In the Sunday, September 4, issue of the New York Times, a front page article detailed the uncertain and even negative effects of technology in classrooms ("In Classroom of Future, Stagnant Scores"). Yet, the premise -- that a singular investment in technology, without a deep comprehensive re-imagination of the overall educational process, would impact student achievement in a significant way -- is fundamentally flawed.
Educators are often eager to try programs and plans that promise improved student outcomes, especially if grant or foundation money covers program costs. Many federal and foundation funding opportunities focus on short turn-around times to achieve increased test results though a single program. There is no silver bullet that meets the educational needs for all students. To expect that acquiring technology for technology's sake for all students will increase test scores is a faulty assumption built on an underlying foundation that ignores the critical factors of teacher expertise and involvement as well as student engagement.

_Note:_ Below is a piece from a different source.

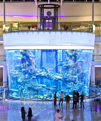 Το ενυδρείο φιλοξενεί έναν αληθινό ύφαλο και μια ευρεία γκάμα ψαριών, ακόμα και καρχαρίες. Έχει φτιαχτεί σε ειδική βάση και με αυστηρές προδιαγραφές έτσι ώστε να αντέχει σε σεισμούς.

There are systemic approaches that include technology, but much more, to advance the value of students' educational experience. Technology is a critical tool for learning. Institutions of higher education, like businesses, employ technology to communicate, access current and relevant research, and organize data. Technology is a tool to enhance productivity in both cases; in schools, the effectiveness of technology is measured by greater learning by the student.
Technology can be transformative. Amazon changed the retail world in 1995 when it created an Internet-based version of a brick and mortar bookstore. Apple used technology to revolutionize the music industry when it introduced the iPod in 2001, catapulting the popularity of downloaded music and allowing a person to put their entire library of music onto a device that fit in their pocket.

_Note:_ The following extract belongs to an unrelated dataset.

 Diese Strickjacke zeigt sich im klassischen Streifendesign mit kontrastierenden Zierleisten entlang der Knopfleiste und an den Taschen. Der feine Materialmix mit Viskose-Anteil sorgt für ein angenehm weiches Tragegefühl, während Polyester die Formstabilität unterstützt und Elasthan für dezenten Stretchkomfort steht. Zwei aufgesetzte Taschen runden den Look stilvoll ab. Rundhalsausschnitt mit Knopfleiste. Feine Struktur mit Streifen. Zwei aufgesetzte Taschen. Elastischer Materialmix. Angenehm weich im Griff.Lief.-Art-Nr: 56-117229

On the other hand, just having an Internet-based bookstore is not a substitute for having a place to hold and read a book before buying. Using the computer as a digital textbook or as a tool to drill into subject matter with limited ability to interpret student interaction has very little impact on student engagement or achievement. In the best examples of educational practice, technology is used not only to organize curriculum and data, but as a tool to enable communication between the school community and the world at large. It engages students and is a path for learning embraced by many students.

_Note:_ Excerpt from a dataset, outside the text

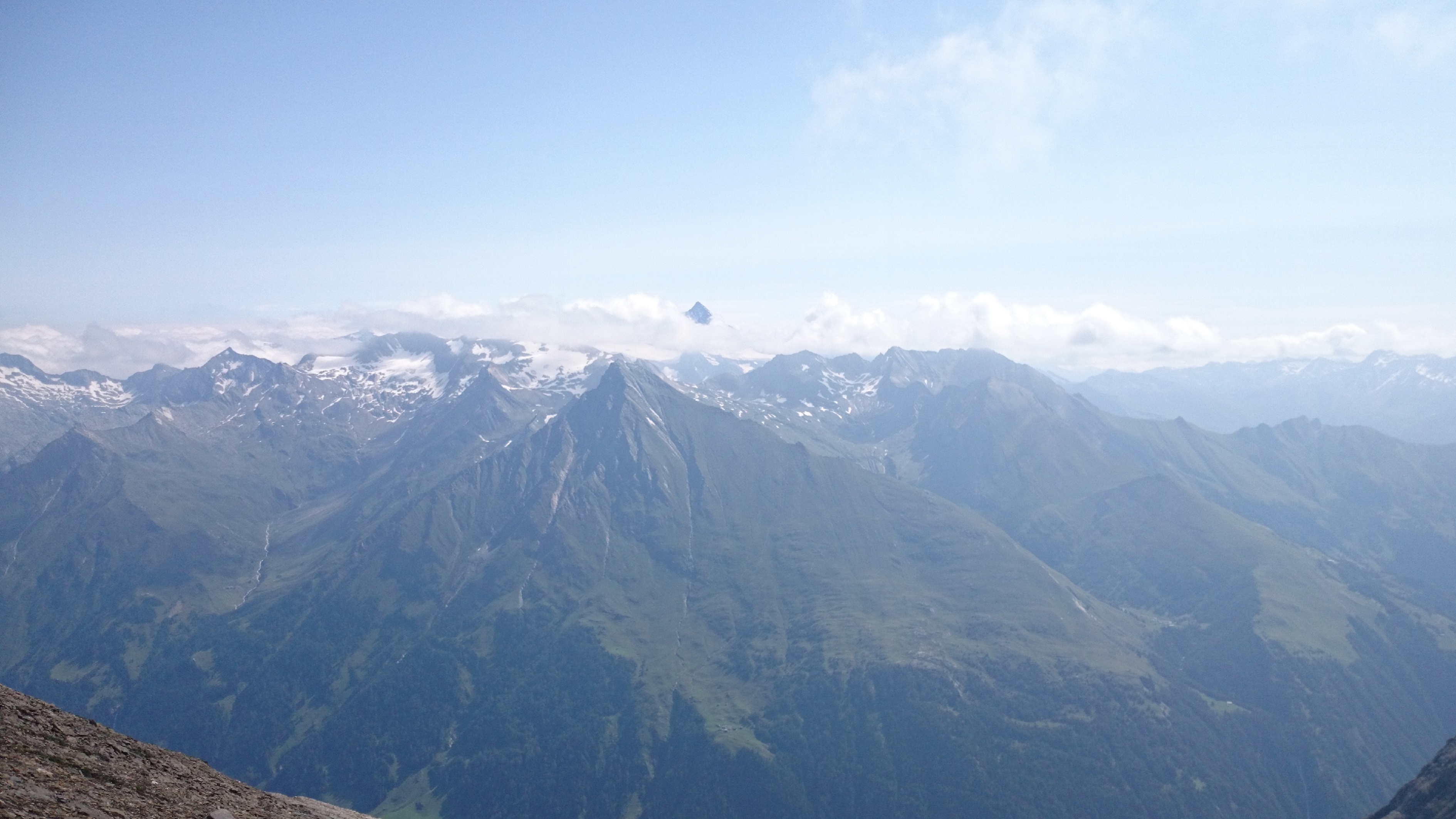 Am Gipfel des Ochsenbugs selbst eine grandiose Aussicht auf den Großvenediger, den Großglockner und bei guter Fernsicht auch den Antelao in den Dolomiten einerseits und Hochfeiler nebst Weißzint in den Zillertalern andererseits.

Technology is found to be all but useless when employed in isolation. The smart use of technology, in addition to a vibrant school culture where students work collaboratively on real-world problems, improves student learning.
The Times article implies the investment in technology has made little impact on student achievement, but this is predicated on a false supposition. Technology can enhance student learning, but not when implemented in a vacuum. Technology alone will not accomplish the broader objectives needed to prepare students for today's world.